Finally, we compared SLAM-seq extracted rates to existing published estimates. We compared transcriptional output measurements generated by SLAM-seq to GRO-seq data and found a significant correlation for RNA polymerase II transcripts in mES cells (Supplementary Fig. S11)29. Median mRNA half-life in mES cells (4.3 h; Figure 4d) falls within the range of previously determined mRNA stabilities in mammalian cells, ranging in median half-life between 3.4h and 10h, depending on cell type and experimental technique (Tani et al., 2012). Furthermore, mRNA stabilities derived from SLAM-seq measurements exhibit an overall good correlation with half-life determined by global transcriptional inhibition (Supplementary Fig.14), and recapitulate previously proposed relationships between mRNA stability and its physiological function (Fig. 4d and Supplementary Fig.12)1.

In summary, SLAM-seq enables cost-effective insights into intracellular RNA kinetics at unprecedented accessibility, efficiency and scalability, hence represents a powerful tool for the dissection of fundamental biological mechanisms that control metazoan gene expression.

Online Methods

Carboxyamidomethylation of s4U

If not indicated otherwise, carboxyamidomethylation was performed under standard conditions (50% DMSO, 10 mM iodoacetamide, 50 mM sodiumphosphate buffer pH8, for 15 min at 50°C) using either 1 mM 4-thiouracil (Sigma), 800 μM 4-thiouridine (Sigma), or 5 – 50 μg total RNA prepared from s4U metabolic labeling experiments.

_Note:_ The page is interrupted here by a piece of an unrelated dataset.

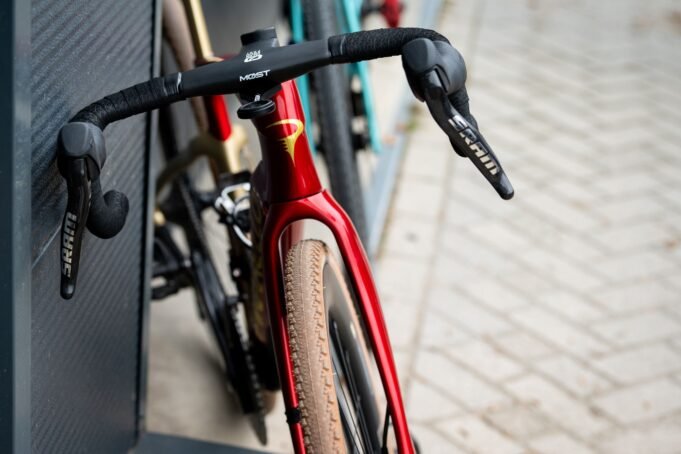 Rosa Klöser, por el contrario, ganó el premio al neumático más ancho utilizado durante el fin de semana, con una rueda delantera equipada con un Continental Dubnital. No podemos decir qué modelo son, pero solo vienen en opciones de 2,2″ o 2,4″, lo que supone al menos 57 mm de banda de rodadura para ayudarle a afrontar la grava belga. ¿Optimizado o excesivo?

The reaction was quenched by addition of excess DTT.

Adsorption measurements

1mM 4-thiouracil was incubated under optimal reaction conditions (10mM iodoacetamide, 50% DMSO, 50 mM sodiumphosphate buffer pH8, for 15 min at 50°C) if not indicated otherwise. Reaction was quenched by the addition of 100 mM DTT and adsorption spectra were measured on a Nanodrop 2000 instrument (Thermo Fisher Scientific), followed by baseline subtraction of adsorption at 400 nm.

Mass Spectrometry

40 nmol 4-thiouridine were reacted in the absence or presence of 0.05, 0.25, 0.5 or 5 μmol iodoacetamide under standard reaction conditions (50 mM sodiumphosphate buffer, pH 8; 50 % DMSO) at 50°C for 15 minutes. The reaction was stopped with 1% acetic acid. Acidified samples were separated on a Ultimate U300 BioRSLC HPLC system (Dionex; Thermo Fisher Scientific), employing a Kinetex F5 Pentafluorophenyl column (150 mm x 2.1 mm; 2.6 μm, 100 Å; Phenomenex) with a flow rate of 100 μl/min. Nucleosides were on-line analyzed using a TSQ Quantiva mass spectrometer (Thermo Fisher Scientific) after electrospray ionization with the following SRMs: 4-Thiouridine m/z 260 → 129, and alkylated 4-Thiouridine m/z 318 → 186. Data were interpreted using the Trace Finder software suite (Thermo Fisher Scientific) and manually validated.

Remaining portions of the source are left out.